Behavioral Analytics
Behavioral analytics is a recent advancement in business analytics that presents new insights into client’s behavior on e-commerce platforms, web/mobile application, online games etc. It enables the marketers to make right offers to the right customers at right time.
Business Intelligence
Business Intelligence is a set of tools and methodologies that can analyze, manage, and deliver information which is relevant to the business. It includes reporting/query tools and dashboard same as found in analytics. BI technologies provide previous, current, and upcoming views of the business operations.
Big Data Scientist
Big Data Scientist is a person who can take structured and unstructured data points and use his formidable skills in statistics, maths, and programming to organize them. He applies all his analytical power (contextual understanding, industry knowledge, and understanding of existing assumptions) to uncover the hidden solutions for the business development.
Biometrics
Biometrics is the James Bondish technology linked with analytics to identify people by one or more physical traits. For example, biometrics technology is used in face recognition, fingerprint recognition, iris recognition etc.
Cascading
Cascading is the layer for the abstraction of software that provides the higher level abstraction for Apache Hadoop and Apache Flink. It is an open source framework that is available under Apache License. It is used to allow developers to perform processing of complex data easily and quickly in JVM based languages such as Java, Clojure, Scala, Rubi etc.

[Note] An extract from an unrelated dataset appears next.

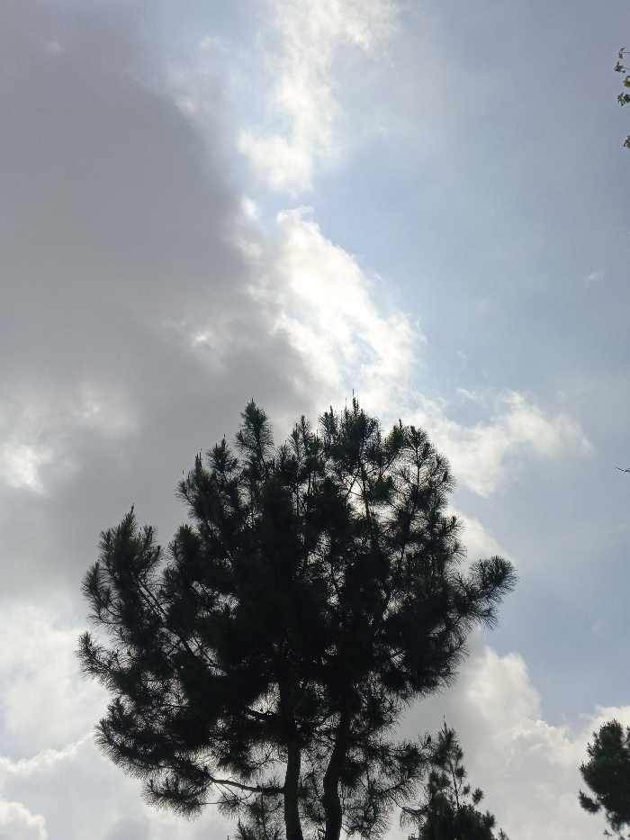 A dark, silhouette-like tree stands prominently against a partly cloudy sky. The clouds range from thick, gray formations to lighter, white ones, with patches of blue sky visible. The tree's branches are dense, and its form is roughly circular. Smaller trees appear near the bottom right corner. The sun is partially obscured, creating a bright spot behind the tree.

Call Detail Record (CDR) Analysis
CDR contains metadata i.e. data about data that a telecommunication company collects about phone calls such as length and time of the call. CDR analysis provides businesses the exact details about when, where, and how calls are made for billing and reporting purposes. CDR’s metadata gives information about
When the calls are made (date and time)
How long the call lasted (in minutes)
Who called whom (Contact number of source and destination)

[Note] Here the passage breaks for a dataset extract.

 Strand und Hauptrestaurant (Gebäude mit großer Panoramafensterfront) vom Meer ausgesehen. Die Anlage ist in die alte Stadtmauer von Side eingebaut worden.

Type of call ( Inbound, Outbound or Toll-free)
How much the call costs (on the basis of per minute rate)
Cassandra
Cassandra is distributed and open source NoSQL database management system. It is schemed to manage a large amount of distributed data over commodity servers as it provides high availability of services with no point of failure. It was developed by Facebook initially and then structured in key-value form under Apache foundation.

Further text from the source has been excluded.